For those down voting, there are about 1500 new cases a week currently of which say 1000 will die. If you delay using the vaccine for a couple of years while doing normal phase 2 and 3 trials then even with linear growth that would be approx 100,000 nasty deaths. In comparison about the worst that has happened using vaccines too early was about 20 people killed in by the early polio vaccines and accidental deaths now would probably be about zero given better science. Would it be worth having 100,000 extra deaths so conventional procedures can be respected? Why not proceed in a way calculated to minimise overall deaths and suffering?


One thing you're forgetting is that it'll take a Maximum Effort to actually get mass quantities of people vaccinated. Especially if the vaccine requires refrigeration.

This, in an environment where fear, a common feature to all deadly epidemics, is a primary driving force.

Any significant fraction of vaccine administrations resulting in morbidity or mortality, or having to do it all over again with an actually effective vaccine ... well, it won't end well. I'm not sure you'd get a second try with another one.


Yes. But notice that the original poster said to give this thing to health care workers first. I think that's a fairly reasonable position to take given that the confidence in the safety of the vaccine is high, and that even if the health care workers were given the vaccine, they should be following the same decontamination/personal protection protocols anyways (for person health reasons - no vaccine is 100% perfect and for public health reasons - it minimizes cross infection).
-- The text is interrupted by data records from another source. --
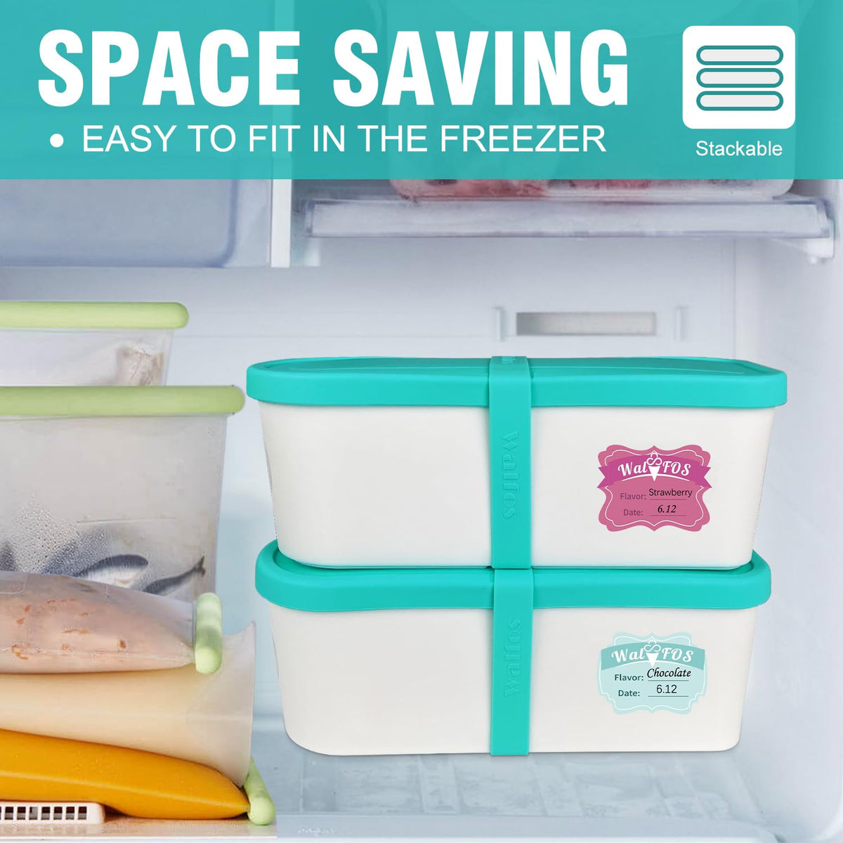 Walfos Ice Cream Containers - 1.6 Quart Each, Reusable Homemade Ice Cream Tubs With Silicone Lids, Stackable Freezer Storage Con
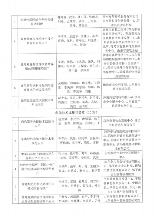 按照《山東省畜牧科學(xué)技術(shù)獎(jiǎng)獎(jiǎng)勵(lì)管理辦法》的規(guī)定,為表彰獎(jiǎng)勵(lì)在我省畜牧技術(shù)科技研發(fā)和推廣中作出貢獻(xiàn)的單位和個(gè)人,經(jīng)過評審,評選出山東省畜牧科學(xué)技術(shù)獎(jiǎng)技術(shù)成果獎(jiǎng)一等獎(jiǎng)5個(gè),二等獎(jiǎng)7個(gè),三等獎(jiǎng)10個(gè)。
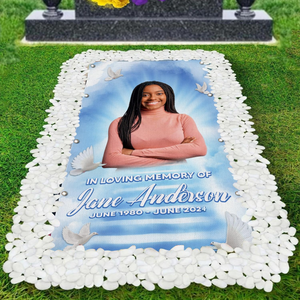 HIGH QUALITY MATERIAL: Made from Heavy Duty material, weather-waterproof and UV resistant material.Durable outdoor use; It can last through all seasons(possibly longer).Our custom memorial grave blankets DO NOT INCLUDE ROCKS/STAKES OR ACCESSORIES.
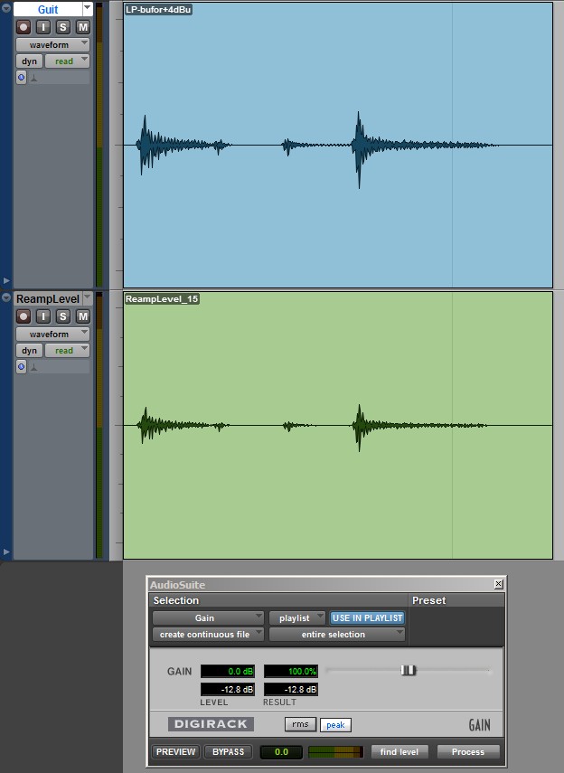 Wracając do pomiarów – podłączmy sygnał z wyjścia komputera, sygnał o poziomie dokładnie odpowiadającym poziomowi z gitary, do naszych urządzeń testowych. Konfiguracja wygląda następująco: wyjście z interfejsu symetrycznie do DACCAPO albo DAW-AMPa, z urządzenia wyjściem na wzmacniacz przez bufor z powrotem do komputera w celu dokonania pomiaru. Przez bufor, to ważne, ponieważ Palmer ma zwiększoną impedancję wyjściową, a i DAW-AMP niekoniecznie musi być aż tak mocno obciążany. Najpierw Palmer Daccapo – na górze sygnał wyjściowy (o poziomie szczytowym -9,2dBFS), na drugim śladzie powrót po rampboxie, na dole poziom szczytowy sygnału wyjściowego z reampboxa. Poziom wyjściowy ustawiony na maksimum, to znaczy potencjometr wyjściowy na maksimum, a przełącznik poziomu (czyli tłumik) na -10:
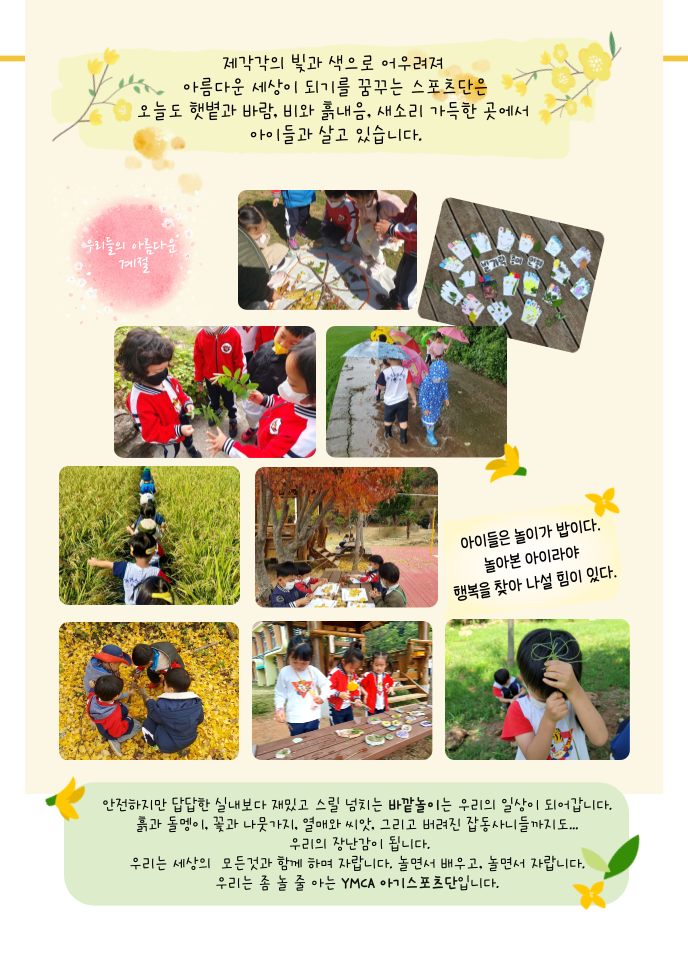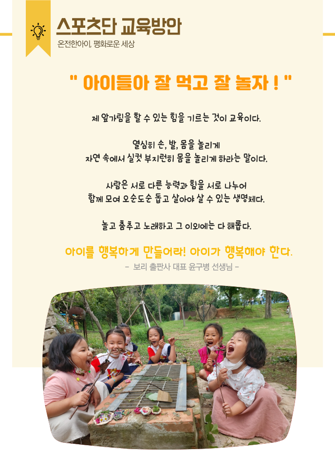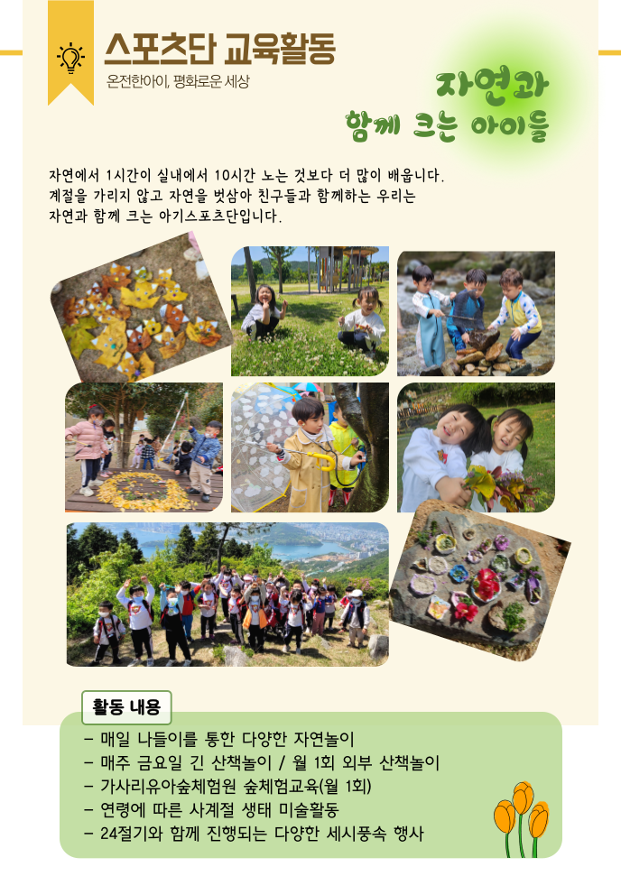 5천여평 자연과 숲이 어우러진 드넓은 교육환경 속에서 부모님들의 마음으로 생명·평화의 가치 속에 편견없는 시선으로 아이들을 바라보고
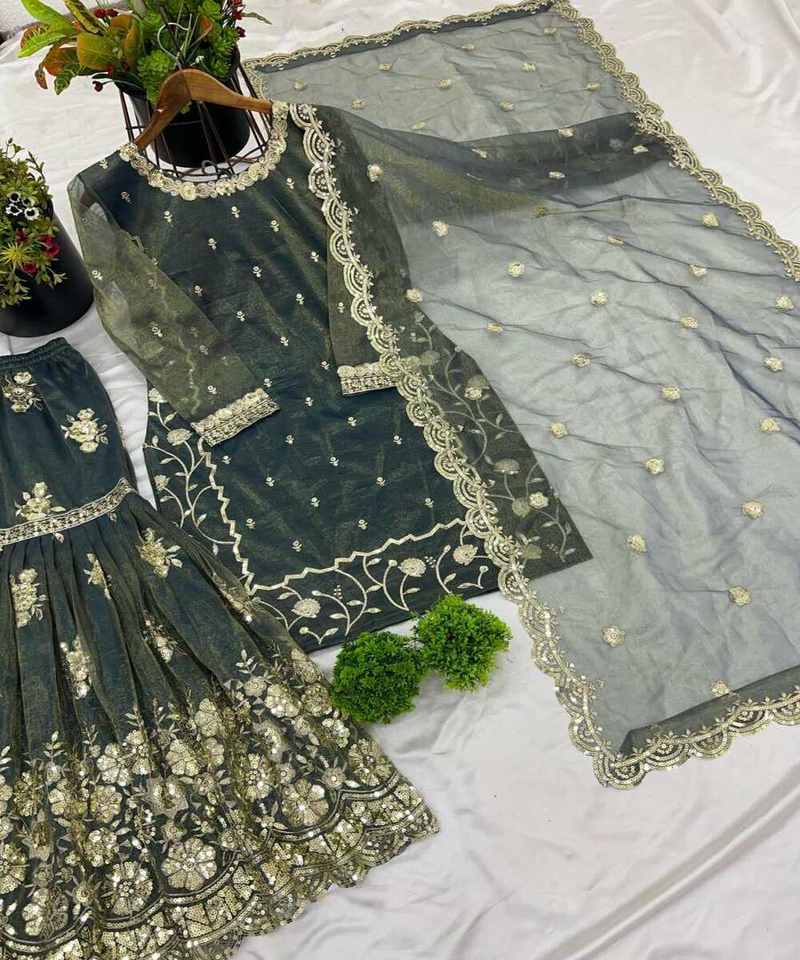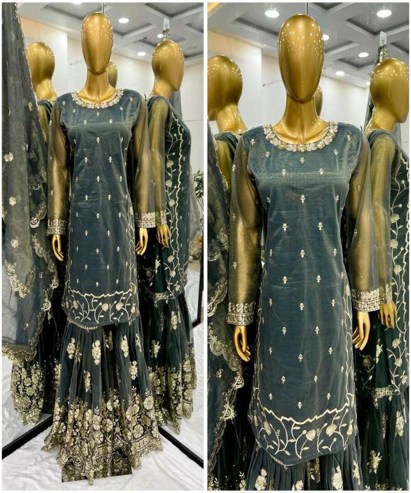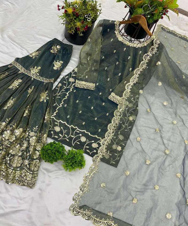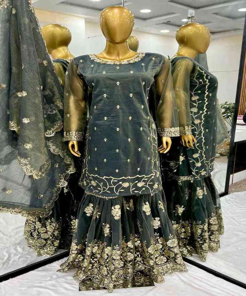 Office-ready Brocade Top Sharara Dupatta Set with Contemporary Jacquard Weave and Zari Detailing.
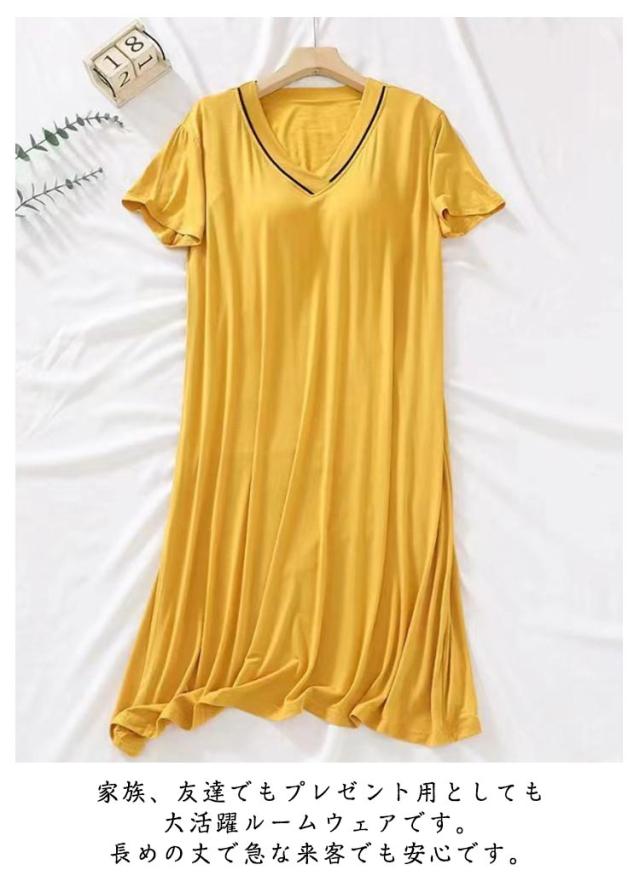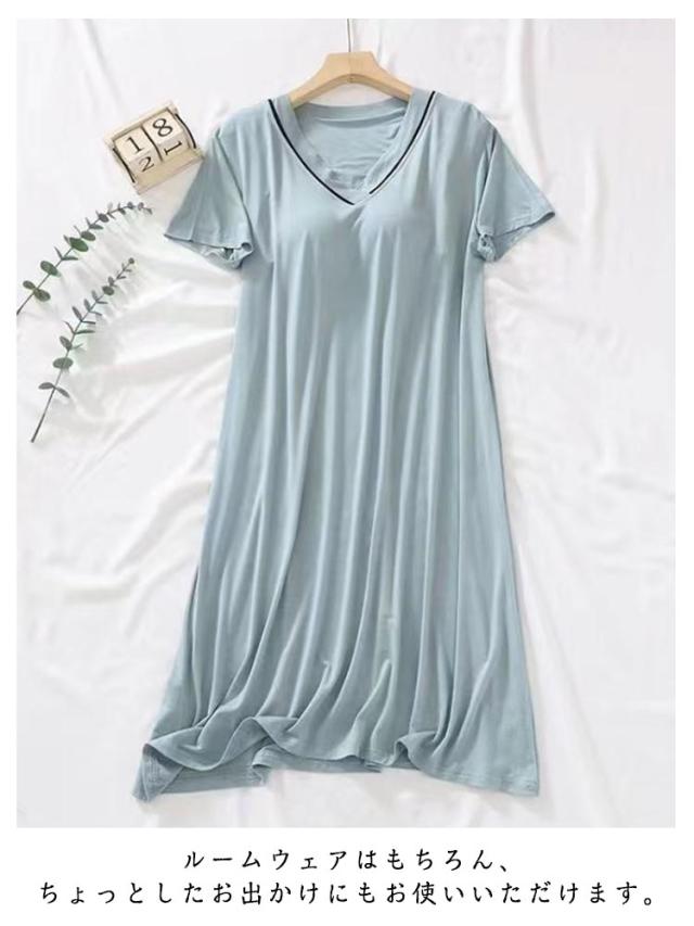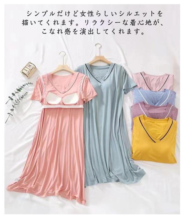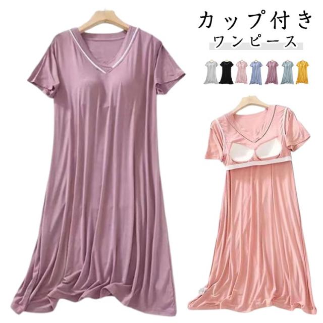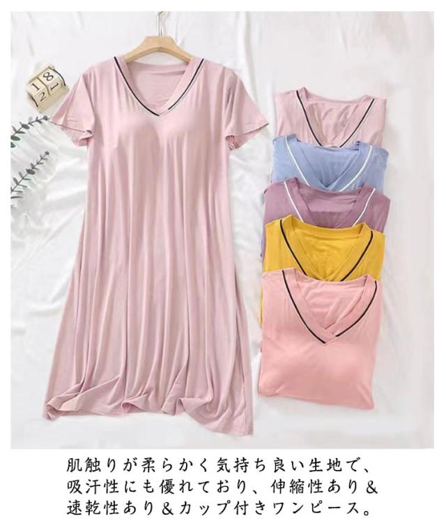 涼しい 半袖 涼感ワンピース 春 ルームウェア Vネック カップ付き カップ付き レディース 薄手 寝巻き 夏 パッド付き ルームワンピース 可愛い パジャマ ゆったり 大きいサイズ 部屋着 寝間着 夏用 ワンピース リラックスウェア ギフト プレゼント おしゃれ
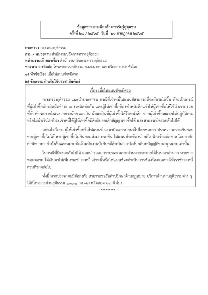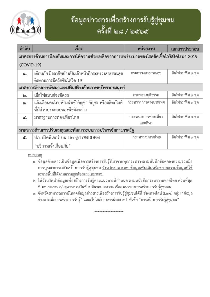ข้อมูลข่าวสารเพื่อสร้างการรับรู้สู่ชุมชน ครั้งที่ ๒๘/๒๕๖๕
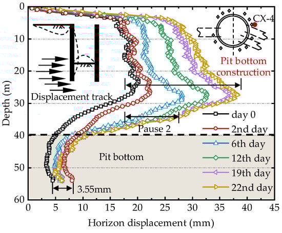 Given the large excavation depth of this shaft, particular attention should be given to controlling horizontal deformation. Therefore, point CX-4, which is located deeper, was selected to analyze the horizontal displacement of the surrounding soil. Figure 9 shows the development of horizontal displacement at CX-4 during the pit bottom construction period. Excessive horizontal displacement was observed in the portion below the excavation bottom. During shaft construction in soft soil areas, as the soil is excavated layer by layer, the soil stress is gradually released, triggering horizontal displacement. Owing to the weakening of the shaft bottom support, localized displacements occurred in the soil at the edge of the shaft bottom.
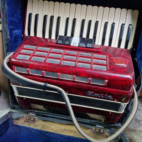 Detta dragspel tror jag är från 60- 70- talet. Det heter Joles Maruett och har för mig det är ett 2 körigt dragspel. Det finns en väska som tillhör och medföljer.

In addition, it is possible to do accelerated Phase 2/3 in Africa. This is also a compromise position. In this scheme, they would likely dispense a few thousand vaccines in a relatively highly developed, but still high risk area to aid in their ability to track efficacy. From the NIH FAQ on Ebola vaccines (http://www.niaid.nih.gov/news/QA/Pages/EbolaVaxResultsQA.asp...)

  Given the encouraging results of the bivalent version of the NIAID/GSK experimental Ebola vaccine at the NIH Clinical Center, are there plans for Phase 2/3 clinical trials in West Africa?

  NIAID is in active discussions with Liberian officials and other partners about next-stage vaccine testing in West Africa. The goal of these studies would be to test efficacy and safety of the NIAID/GSK vaccine compared to other Ebola vaccine candidates prior to wider vaccine distribution. Phase 2/3 clinical trials are designed to inform efficacy—whether or not the vaccine works—and provide additional critical safety data. Plans for such studies are dependent on additional safety and immunogenicity data derived from the currently ongoing clinical trials. Announcements about larger-scale testing will not be made until early 2015. 
Keep in mind that is basically is impossible to do Phase 2 and 3 testing in North America given the fact that there basically isn't any Ebola there at all.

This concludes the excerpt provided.